I had intended to clean the notebook up a little bit, and make some more investigations (e.g. was I wrong because the score-lines aren't Poisson distributed? Or because each team's individual scoreline are too highly correlated with each other?) but whilst I was clearing out some of my external hard-drives I accidentally formatted my internal hard-drive too. That was a lot of fun to fix.... Anyway, I lost all my squeaky clean data, so I couldn't make prettier plots. Apologies.

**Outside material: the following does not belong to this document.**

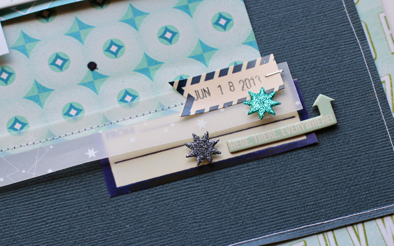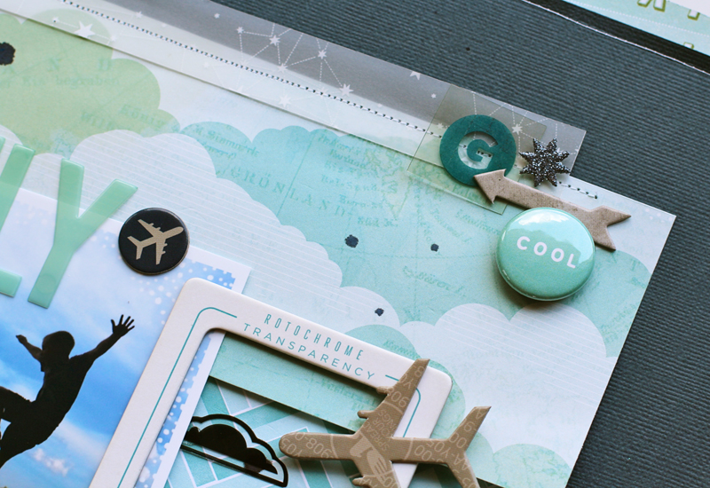 I really love the trendy travel themes, but we don't travel often and very rarely by plane, so I was stoked when I got to use the airplane chipboard pieces for this layout.

During my work today, at some point I had to draw samples uniformly from a sphere, and made an observation I hadn't really appreciated before. The name of the game is to make sure that every infinitesimal shell has the same density of samples, on average.

$$ \frac{4\pi r^2}{\left< N_{samp} \right>} = \mathrm{constant} $$

Or in other words, the volume gets more spread out, so we need more samples for higher r. The density is simply constant with respect to direction (angles). So, to get the correct distribution we simply need to sample from

$$ \theta \sim \mathcal{U}(0,2\pi) $$

$$ \phi \sim \mathcal{U}(0,\pi) $$

$$ r \sim r^2 $$

Or in other words, just sample from a power law distribution with index 2. Elementary observation? Maybe, but it makes it easier to code up!

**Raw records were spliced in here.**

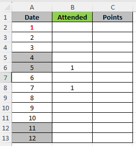 I just found out from my boss that the points system will be different and that it only applies to participation on weekends. An employee who completes a course on a Saturday gets 4 points, on a Sunday gives 6 points. The points change when an employee has attended more than 7 courses. So from the eighth course, participation on a Saturday will give 5 points and participation on a Sunday will give 7 points. There's one sheet per month, so the formula must take all sheets into account so that the summary on the total sheet is correct. Please see the attached file.
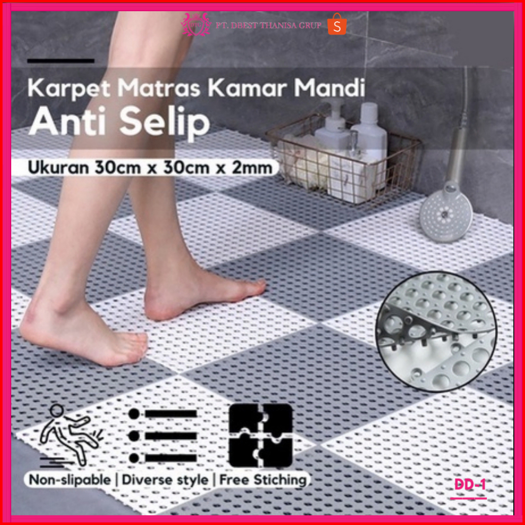 Turun Harga Paket 10 Lembar-karpet Kamar Mandi Anti Licin 30x30cm Keset Lantai Anti Slip Polkadot Dapur Mat Non-slip 10p
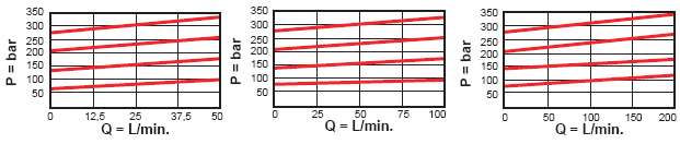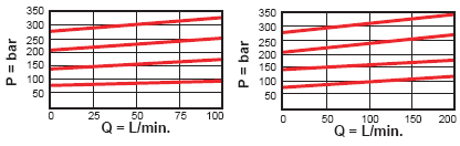 出厂设定压: A, B, C, 及 W 标准设定压 70 bar. N 标准设定压 25 bar. Q 标准设定压14 bar. * 所有调压范围设定压 5 bar. 客户可指定设定压

A couple of weeks ago I put my newest paper on to the arXiv, which you can find here; https://arxiv.org/abs/1711.06287

The paper describes how much we can hope to learn from gravitational-wave observations of black holes, focusing in particular on how well we can constrain our models of the evolution of binary stars. In order to calculate this I used COMPAS, the binary evolution simulation software we are developing here in Birmingham, and a technique called Fisher information matrices.

If you have a model, which depends on some parameters ({\lambda}), and makes predictions about some observable random variable, then the Fisher information quantifies how sensitive the expected observations are to changes in the underlying parameters. If some parameters have a large effect on our expected observations, then it makes sense that we can learn a lot about them.

I calculated the Fisher matrix by running COMPAS (a lot!) and seeing how the output changed with respect to four different bits of physics; the strength of supernova kicks, the ferocity of stellar winds during two different stellar evolutionary phases, and the frictional energetics during the common envelope phase. Below is the money plot from the paper.

The plot shows how accurately we will be able to measure each of these parameters after 1000 observations of binary black holes. The fuzziness comes from a quantification of the various sources of uncertainty in this process. It also shows how the different parameters behave with respect to each other (their correlation). The way I like to think about this plot is in terms of null hypothesis testing. If we find the truth is a massive outlier with respect to these distributions, then we reject the null hypothesis that our model is correct. This plot shows that the model doesn't have to be wrong by more than a few percent before we can rule out our model.

This morning I participated in the Astronomy and Astrophysics group Science Jamboree 2016, where I managed to win a prize (chocolates!) for the best talk. I'm not quite sure how I managed it, since in the midst of a series of informative and engaging talks, I performed a silly little poem;

*For my science Jamboree
I'll tell you a bit about me
My journey through physics
in a few clumsy limericks
Right through to my PhD*

*I was born in July '91
In the blistering east Norfolk sun
And... oh wait a minute,
there's a strict time limit
So I had best be getting along*

*We'll skip ahead 18 odd years
Whilst I, still wet 'round the ears
kicked off my degree,
eager to see,
How I felt after 2 dozen beers*

*But I did learn some physics as well
Einsten, Newton, Maxwell
But as some of you know,
not a lot of astro
Although I think you can probably all tell*

*To be honest I found space a bit dreary
I preferred condensed matter theory
my vague proclivity
for superconductivity
"I should do a PhD in this clearly!"*

*Alas, I left those low temperatures
And became a software developer
but the real world is crap
I resolved to come back
And I somehow became an Astronomer....*

*My first project involved an obsession
with continuous autoregression
take an impulse response
to stochastic nonsense
et voila! banded matrix compression!*

*And with that O(n) inference
Time to write a paper of significance!
Except instabilities
destroy all utility
Try selling that at a conference!*

*So my PhD project, take 2!
But what was I going to do?
I felt it was prudent
to become Ilya's student
since bless him, he's only got a few*

*Binary population synthesis;
i.e how did it end up like this?
which hyperparameters
make a chirp that glamorous?
The combinations seem virtually limitless*

*So here's where I come in
When parameter space coverage is thin
we can interpolate
perhaps extrapolate
what happens when things spiral in*

*Now this work isn't finished yet
Ive tried random forests and neural nets
but despite all my labour
it seems nearest neighbours
may well be our safest bet*

*To conclude my science Jamboree
I'll make a short summary
my project got switched
because CARMA's a bitch
and I write really shit poetry!*